Another Five Star Review!

Sorry, but when you self-publish a book you have no one to promote it but yourself. The difficulty is in getting people to take a good look at it. In my case, those who have read it promote it, so I merely share what they write. Here's the most recent review written by Paul Harrison:

Many other reviewers do a good job at explaining the book's contents, and I agree that reformatted, it would be more pleasing to the eye and easy to digest.

But if you're looking for information, it isn't lacking. The reason the print is so crammed and there are so many references is because John has experience in academic settings where research must be accounted for and careful argumentation means more than mere emotional rhetoric. This isn't a light book you would enjoy reading a couple of sittings and then pondering, but a book that bombards you with information and argument that you have to stop and think about, almost as if you were reading a reference book.
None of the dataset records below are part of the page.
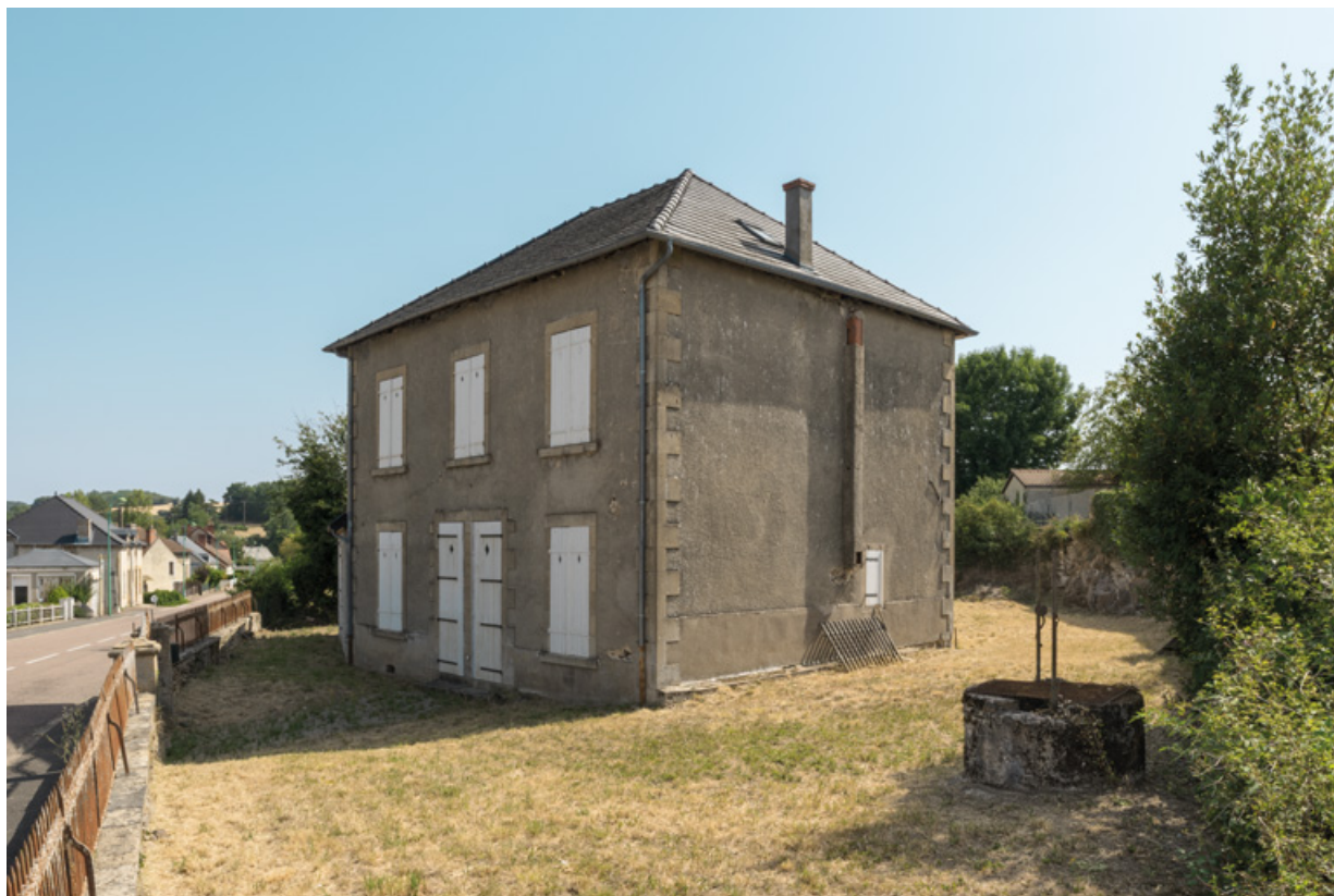
Façade principale, vue depuis le sud-ouest.

58, Saint-Honoré-les-Bains, 40 avenue du Général d'Espeuilles
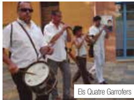
Els Quatre Garrofers

Ministrers, Grallers de l'Esperidió, Grallers de l'Alfàbrega, Grallers Tocaferro, Grallers Pelacanyes, Sacaires de Tarragona, Miña Cobla La Patuleia, Dolçainers Tresmall, Grallers Sonagralla, Grallers Els Quatre Vents, Grallers La Virolla, Sonadors Bufalodre, Faktoria Folk, Rodarboç Cobla de Ministrers i la Fanfara de Torredembarra.
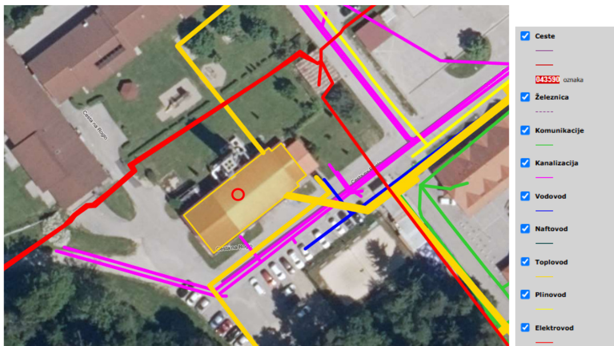
Slika 3: Prikaz gospodarske javne infrastrukture na obravnavanem območju
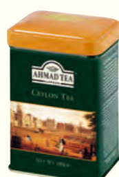
630 Ceylon Tea 锡兰红茶
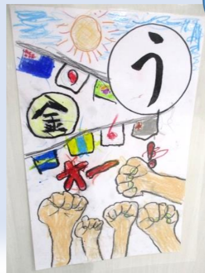
う んどうかい 優勝目指して えいえいおー！
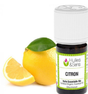
20 gouttes d'huile essentielle de citron (optionelle)
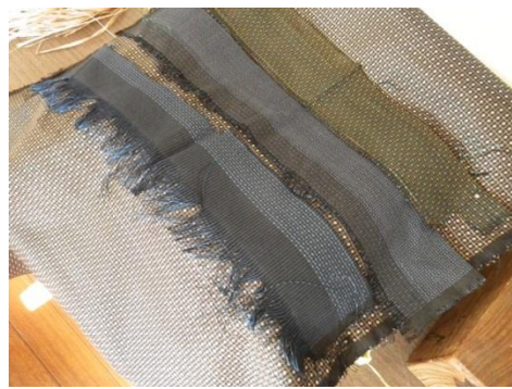
講座風景「瀬戸内町伝統の大島紬（與チラシ）」

Truly, the only valid critique of a book like this from those who disagree with the arguments is to make a point by point rebuttal showing that John's arguments don't stand up. This should be easy for any Christian apologist to do, yet it is never done. Instead, sweeping generalization and characterizations are made of his motives. Even if you believed John was an immoral, bitter, raving cry baby who abandoned God because he was immature, you would still have his arguments to deal with.

There is nothing new in this book that hasn't been pointed out for decades in various places, it is just a very compact and concise anthology of the best of these arguments, always added to the personal experience of the author. Just as Christians have a life-changing existential experience and believe the Gospel is intellectually valid, so a mixture of existential experience and intellect causes deconversion.

This book can be seen as "an attack on Christianity" in a sense that former Christians are believed to be bitterly getting back at what disillusioned them, but ultimately, skeptics write books like this to help disillusioned Christians understand that they are not crazy or alone and help them adjust to life without a belief system that can shown to be false intellectualy and experientially. This is no different that Christian apologists "attacking Islam" or "attacking Mormonism" by using deconversion stories from former Muslims and Mormons showing why nothing worked existentially along with arguemnts againt the validity of those worldviews. Christians believe they are doing it in love to rescue people out of harmful and false belief systems. A book like this is no different.

If you read Christian apologetics, you owe it to yourself to have an anthology of the best arguments against Christian apologetics in your library.

2 comments:

Why I Don't Believe said...

Paul Harrison wrote..

This is no different that Christian apologists "attacking Islam" or "attacking Mormonism" by using deconversion stories from former Muslims and Mormons showing why nothing worked existentially along with arguemnts againt the validity of those worldviews.

Aint that the truth?

What's good for the goose is good for the gander. I had two experiences that rocked my Xian worldview. One was, when as a 'strong' Pentecostal, I was arguing with Mormons and found a lot of their premises were almost identical to mine (except they used talked about Heavenly Father and Joseph Smith).

The second was when I was talking to a 'backslidden' Muslim fundamentalist in Singapore. The stories she told and the baggage she carried was almost identical to ex-fundy Xians. It was like a slap in the face for me. "Only the names had been changed..." And I was still a believer when I met her...I wasnt looking for ammo against Xianity at all. She just walked up and served it to me.

So why should it be any surprise hat ex-fundy's have books, websites, support groups...just like others who have left many other "-isms"?

Why I Don't Believe said...

Sorry, that last paragraph should have read...

So why should it be any surprise THAT ex-fundy's have books, websites, support groups...just like others who have left other "-isms"?